Dennis Gardner helped his sister, Audrey along the cobblestone path leading to First Baptist Church. His wife, Jackie, walked in front of them, heading for the “Let Freedom Ring” celebration at the historic house of worship.
“This is a grand celebration here at the church and for the local people of Williamsburg,” Jackie Gardner said, pointing to the church founded by slaves. “These celebrations are the beginning of a dialog about race in this country. It’s an exciting time.”
Monday’s service was a celebration of the first day of Black History Month, as the church commemorated the restoration of its Freedom Bell, which was done through a partnership with the Colonial Williamsburg Foundation and the Ford Foundation in recognition of the church’s 240th anniversary.
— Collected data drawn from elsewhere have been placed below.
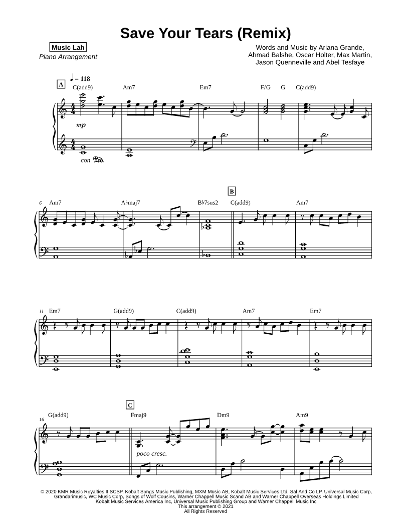 Many of the arrangements on Musicnotes have transpositions available, typically in C Major, as well as 3 sharps and 3 flats. If you do not see your desired key, you can request a transposition by reaching out to Customer Support.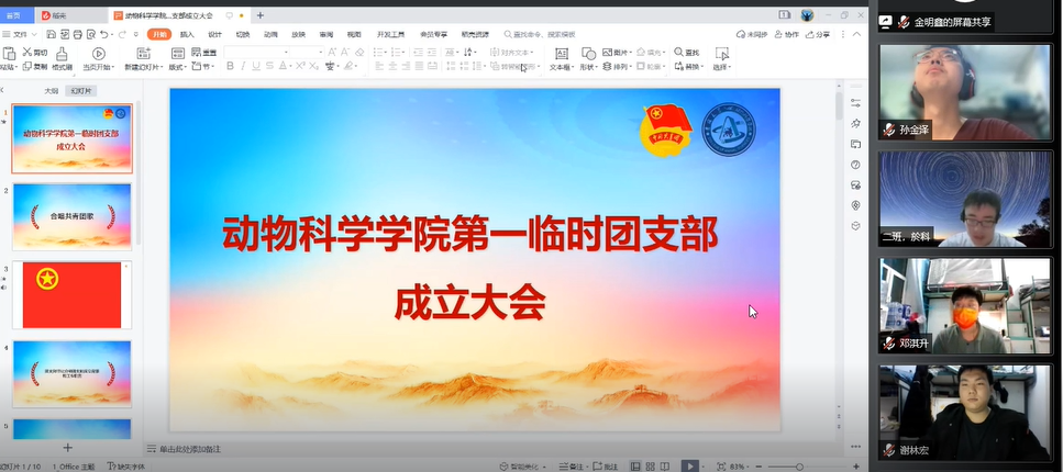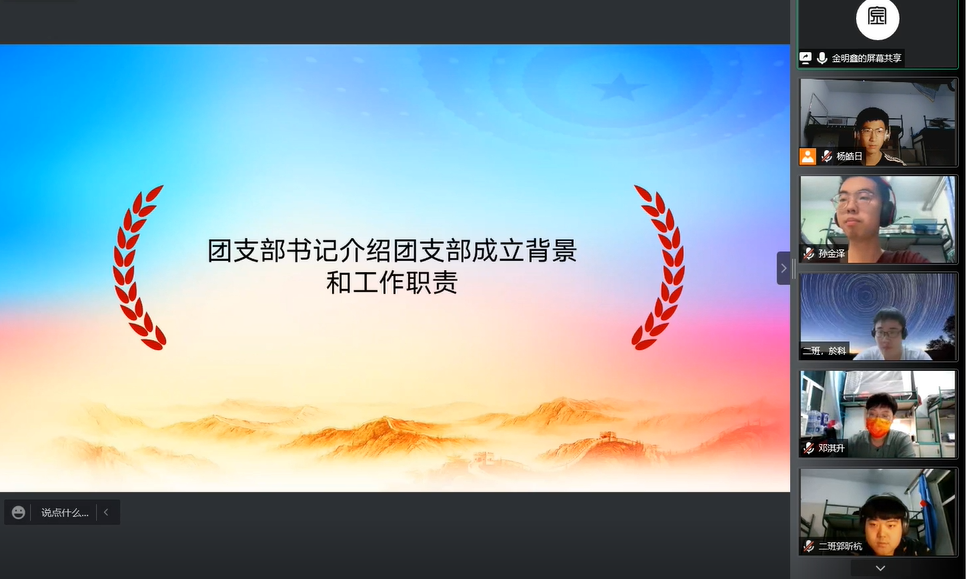 疫情严重,为了应对严峻的疫情防控形势,学校实行封闭管理,为国家抗击疫情贡献青春力量。根据《关于疫情防控期间成立团支部的通知》,切实发挥共青团组织在防疫控疫工作中的战斗堡垒作用及团员的先锋模范作用,突出特殊时期团支部的组织凝聚力,今年会依托于南苑六公寓所有男生团员成立今年会第一临时团支部。2022年3月27日星期日晚七点,今年会第一临时团支部成立大会在线上召开。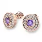 Náušnice ružové zlato 585/1000, prírodné diamanty a ametysty, 10921-CV-AME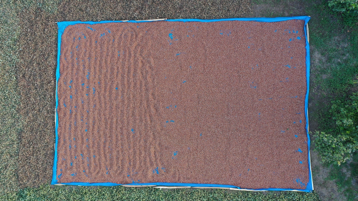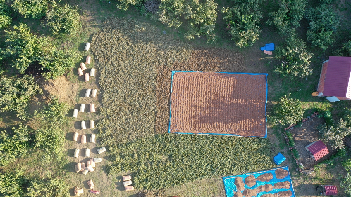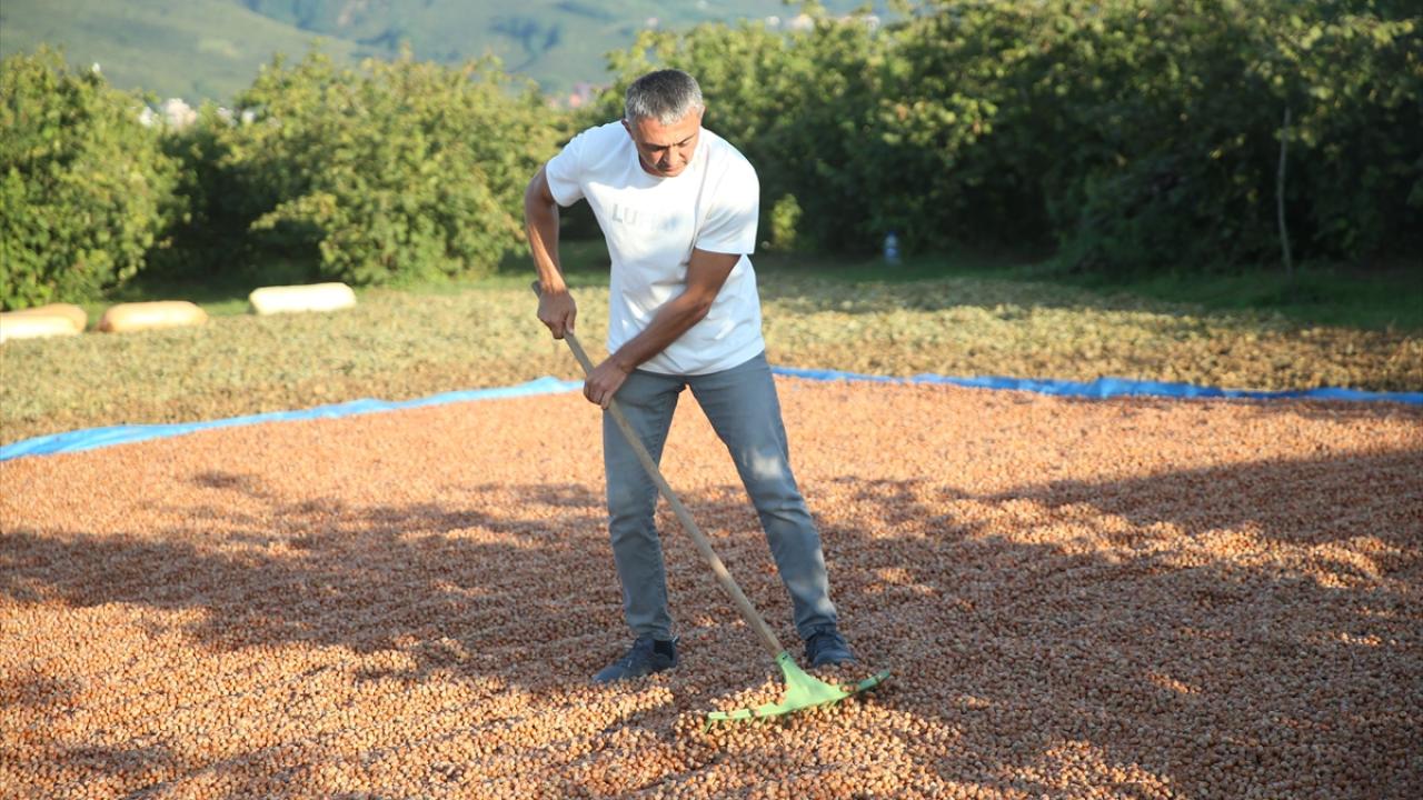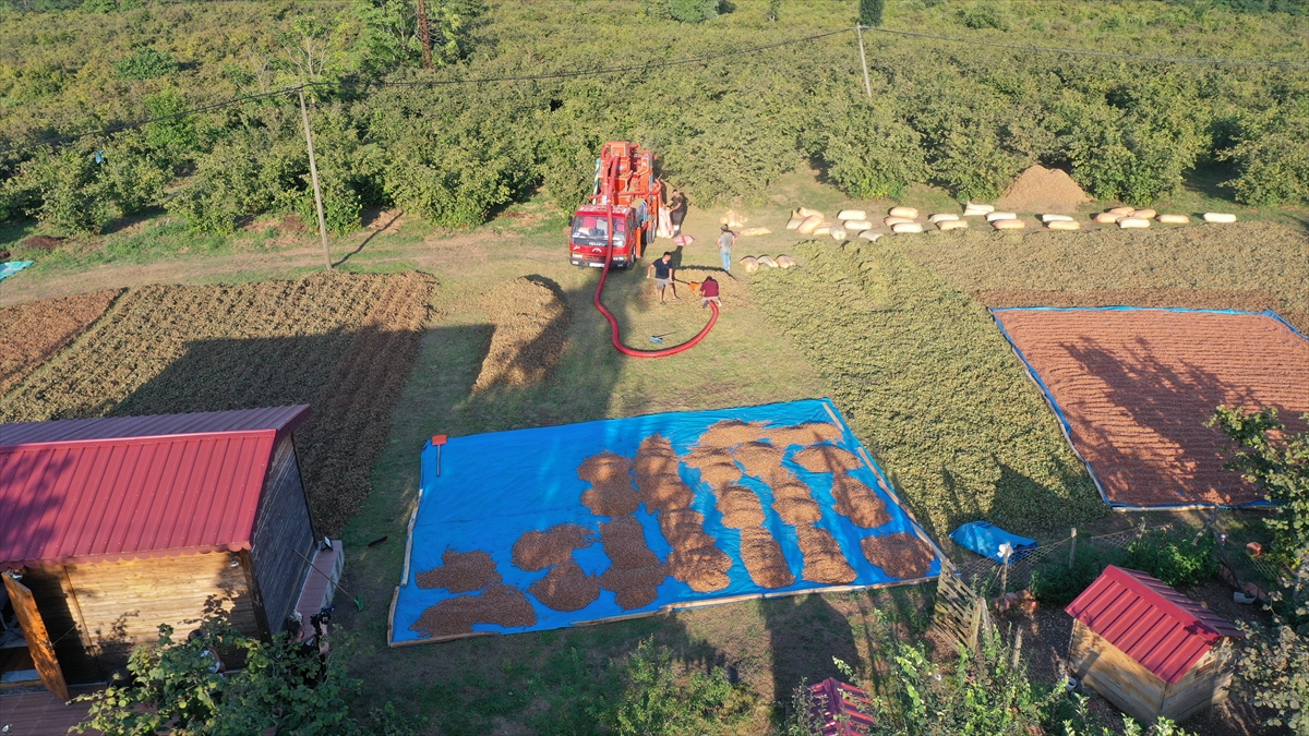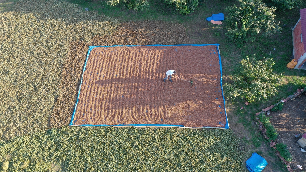 Sahil kesiminde bahçelerinde olgunlaşan ürünlerini aile bireyleri ya da tarım işçileriyle toplayan üreticiler, fındığı zurufundan daha kolay ayrılması için bir süre harmana sererek kuruttu.

Her husband, who has been a church member since it was located on Nassau Street in the 1950s, added, “We’re so happy to be here and witness this. We wouldn’t have missed it.”
New Williamsburg resident Sophia Wirkkala and her three home schooled children Olivia, 14, Vinnie, 10, and Nicholas, 16, saw a news report on the ceremony, and came out for it.
“I’m the biggest Harriet Tubman fan there is,” Sophia Wirkkala said. “We came out because this is an important celebration of our history as a nation.”
Wirkkala read the church’s history to her children Monday and wanted them to to see the history they now live around. The family didn’t know the church’s event was invitation only, so they ended up at Kimball Theater to watch it on the big screen.
People came from across the region to celebrate the church’s rehabbed bell and historic event.
Hampton University's choir kicked off the star-studded event, which featured the Rev. Jesse Jackson Sr., soul legend Dionne Warwick and iconic R&B singer Valarie Simpson.
First Baptist Church in Williamsburg fell silent as Simpson played the first few keys on the piano she sat at in the sanctuary. “Are we having church in here this morning?” said Simpson, half of the hit duo Ashford & Simpson.
The congregation responded with throaty amens. She invited the Hampton University choir, seated behind the Rev. Jackson, to stand and sing with her impromptu.
“We don’t need no rehearsal,” Simpson said. The attendees joined hands across the aisle as she belted out her hit song “Reach out and Touch (Somebody’s Hand).”
The church's long history hummed through it today as the voices inside rose in song.
Founded in 1776 by enslaved men and women, First Baptist Church is recognized as one of the oldest African-American congregations in the country.
The bell fell silent due to structural issues in the 1950s. It was restored recently.
Colonial Williamsburg Foundation President Mitchell Reiss, Jackson U.S. Rep. Robert C. “Bobby” Scott, D-Newport News, and U.S. Ambassador Suzan Johnson Cook each took turns pulling on a rope in the church’s foyer, tolling the bell for the crowd outside on Scotland Street to hear.
Outside the church, Leo and Jene Davis talked about how moved they were by the ceremony.
"This was truly a blessing. It was all God," Leo Davis said. "I'm still trembling from it."
Jene Davis called Monday's ceremony "powerful and very moving."
The couple hadn't planned on coming to the church celebration Monday, but when they drove by and saw the crowd, they stopped. The two snagged the last two available seats inside the sanctuary.
"We were moved by this. I'm so glad we came," Leo Davis added.
The celebration continues tonight from 7-9 p.m. at the Concert for Hope and awards gala, hosted by Danny Glover. A special award will be presented to Dr. Bernard Lafayette, a leader in the Selma Voting Rights Movement. The concert also includes performances from the legendary Dionne Warwick, Valerie Simpson, Esperanza Spalding and the Hampton University Choir.